I thank the reviewer for the observation. 

1. We tried to ameliorate the entire paper. 

1. Figure has been ameliorated; besides we add two figures. 
2. This is a dosimetric study on a limited patients’ cohort not sufficient for a correct statistical analysis. Up-to-date we are performing an analysisi in the entire group of patients (more than 100) treated with metabolism guide irradiation that will permit  a more accurate statistical analysis. 

Round 2

Reviewer 1 Report

Comments and Suggestions for Authors

the comments are addressed

Author Response

Thank you very much for taking the time to review our manuscript. It has been a great opportunity to improve the quality of the paper and revise it completely. Thank you again for your contribution. 

Reviewer 2 Report

Comments and Suggestions for Authors

I remain very ambivalent about reading the new version of the manuscript. I believe very strongly in the special effect of "lattice" radiotherapy, and in fact, for me it is one of the most interesting radiotherapy innovations in recent years. I greatly appreciate the further improvement of the paper and the work/discussion of the authors overall. However, I still miss the simple but well-founded objective/theoretical message to the expert readers.
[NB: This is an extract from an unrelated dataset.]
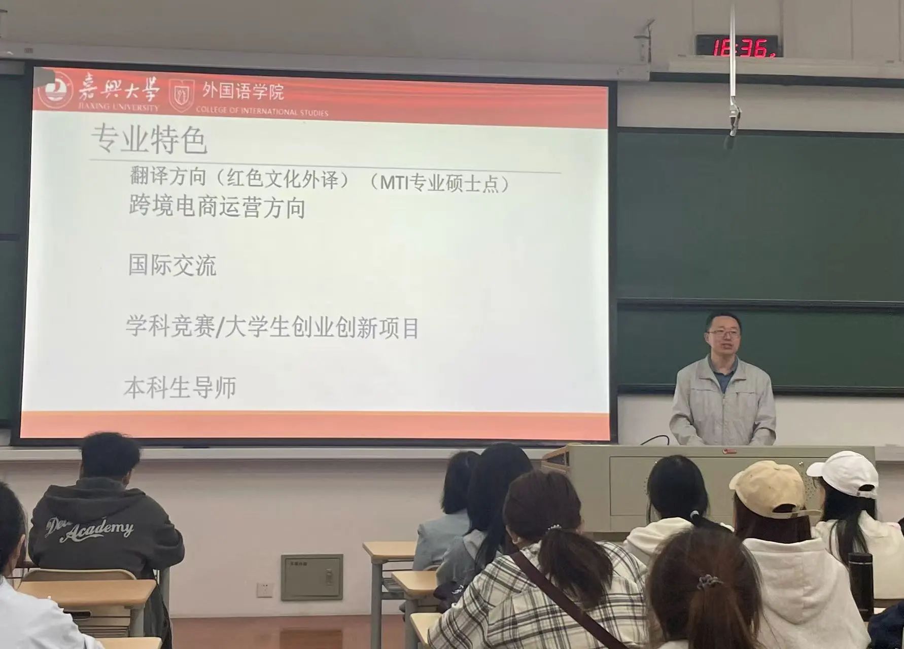 随后,鲁俊丰细致讲解了大学英语四六级及英语专业四八级等考试的情况,建议新生们从大一起就确立明确的奋斗目标。陈丽向学生们介绍了外院外籍教师的整体情况和学校的外语角活动,鼓励他们走出自己的舒适区,勇敢创造机会练习英语口语。杨迎春从兴趣培养、技巧运用、听力水平提升计划等方面着手,手把手教授学生们如何循序渐进提升听力水平。

As I mentioned in my previous report, it is not surprising that in case of high-dose SBRT (here: “biology-based neoadjuvant boost RT”) the surrounding tumorous/normal tissues receive relatively low doses (0,5-1-2-3Gy) of irradiation. SBRT is characterized by relatively sharp decrease in doses in volumes over PTV. This kind of dose gradient could be reached by delivering multiple/moving fields arrangement. The result is the relatively high volumes that receive relatively low doses. So, the result of this treatment planning/dose distribution study is obvious. Nevertheless, this low dose RT caused tissue damage could explain the special immunological and clinical response.
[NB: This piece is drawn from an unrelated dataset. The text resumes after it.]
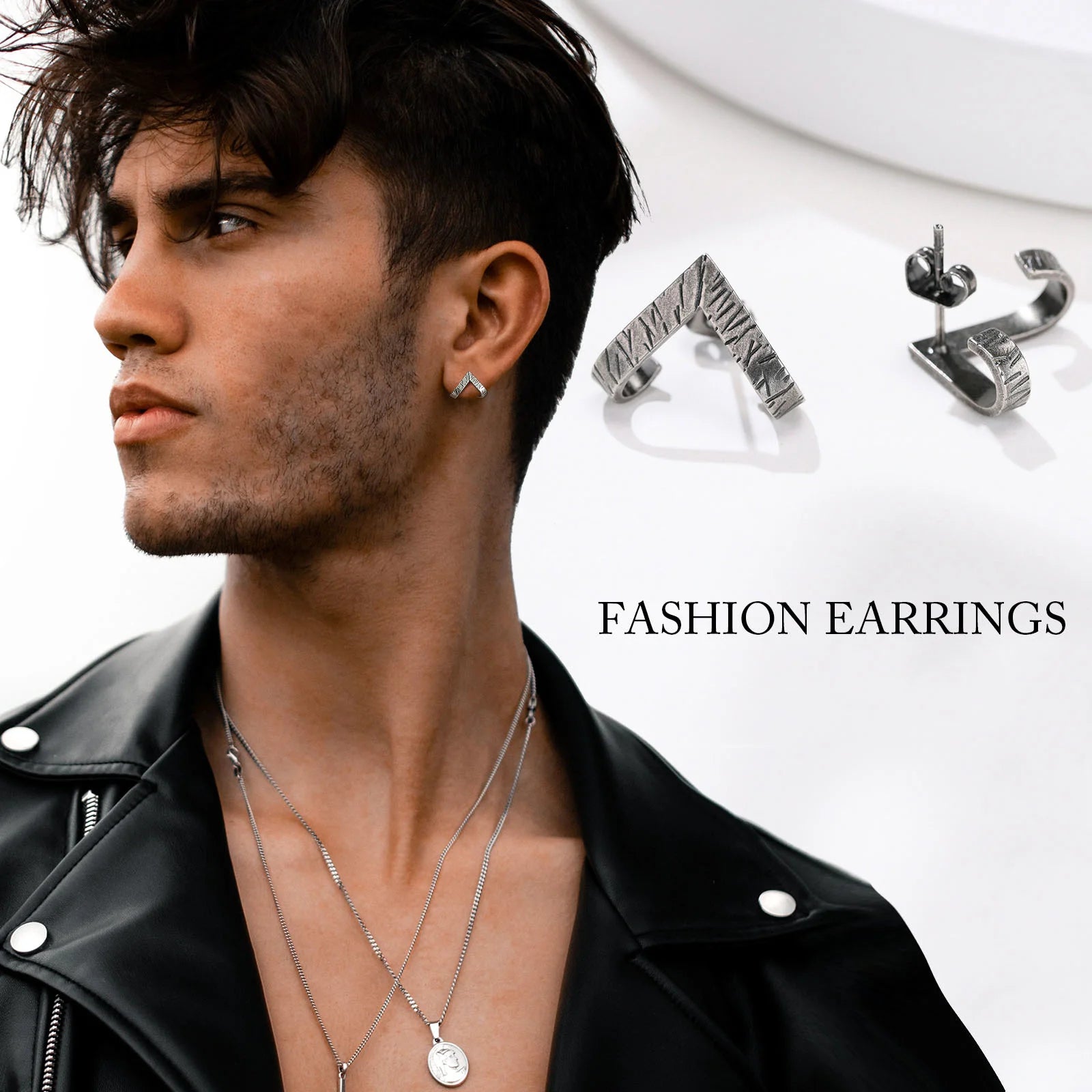 Stud Earrings, Men Wrap Earring, Stainless Steel Geometric Triangle Earring

Overviewing the detailed RT treatment data of the work, and considering the first treatment part, the median Dmean of GTV was relatively high, 3.14 Gy (see line 232), supposing a kind of high, cytotoxic/palliative median dose to the whole GTV. Moreover, the meaning of e.g. V2: the volume that receives minimally 2 Gy, so a part of V2 receives 3 Gy, 4 Gy, 5 Gy etc. The authors try to prove that a significant part of the GTV receives “low dose” (between 0,5 and 2 Gy) irradiation, since experimental data suggests that this dose range is responsible for the triggering the immune response (see lines 350-351). So, I recommend a kind of a “derivation” of dose/volume data and the determination of the volumes that receives “per definition” LDRT (e.g. between 0,5 and 2 Gy or between 1 and 2 Gy, etc.). These results would indirectly prove that a relatively great volume (20-40%) of GTV that receives LDRT could be responsible for the immune effect enhancement.

 

Additional remarks:

Abstract: Please sign/explain the meaning of V0,5-V1-V2-V3.

Introduction: Lines 61-63: “assuming that the 18F-FDG uptake could be higher in capacity of hypoxic cancer cells with respect may be superior when compared with their normoxic one. counterparts” Maybe it is a perfect idea, but I miss some reference after this statement.
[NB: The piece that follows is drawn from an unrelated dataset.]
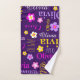 Toallas personalizadas de nombre de texto diseñadas originalmente. En color púrpura, rosa, blanco y amarillo el estilo gráfico de texto y flores también se puede personalizar con tu propio nombre corto, actualmente dice Olivia. Hay otros colores, nombres y estilos disponibles o póngase en contacto conmigo para solicitar nombres. Arte original y diseño de Sarah Trett para www.mylittleeden.com

Discussion: Lines 310-329: The authors explain the possible cytotoxic effect of LDRT. I miss some references here.

Discussion: Lines 332-338: I suggest continuous description instead of enumeration, since these are general tumor-biological issues/considerations and are independent from the effect of LDRT.

Discussion: Line 470.: I suggest inserting “robust clinical data” into the sentence, since the original Lattice01 study provided important (and basic) clinical data

The number of vertices during SBRT: median 1 in the Abstract, median 2 (?) in the Results section (line 218), later in the Results section we can find the vertex data of 60 pts (lines 218-219), however the authors elaborated the treatment plans of 62 pts. Please clarify it.

Author Response

Please see the attachment

Author Response File: Author Response.pdf

Reviewer 3 Report

Comments and Suggestions for Authors

All concerns are addressed; no further comments.

Author Response

Thank you very much for taking the time to review our manuscript. It has been a great opportunity to improve the quality of the paper and revise it completely. Thank you again for your contribution.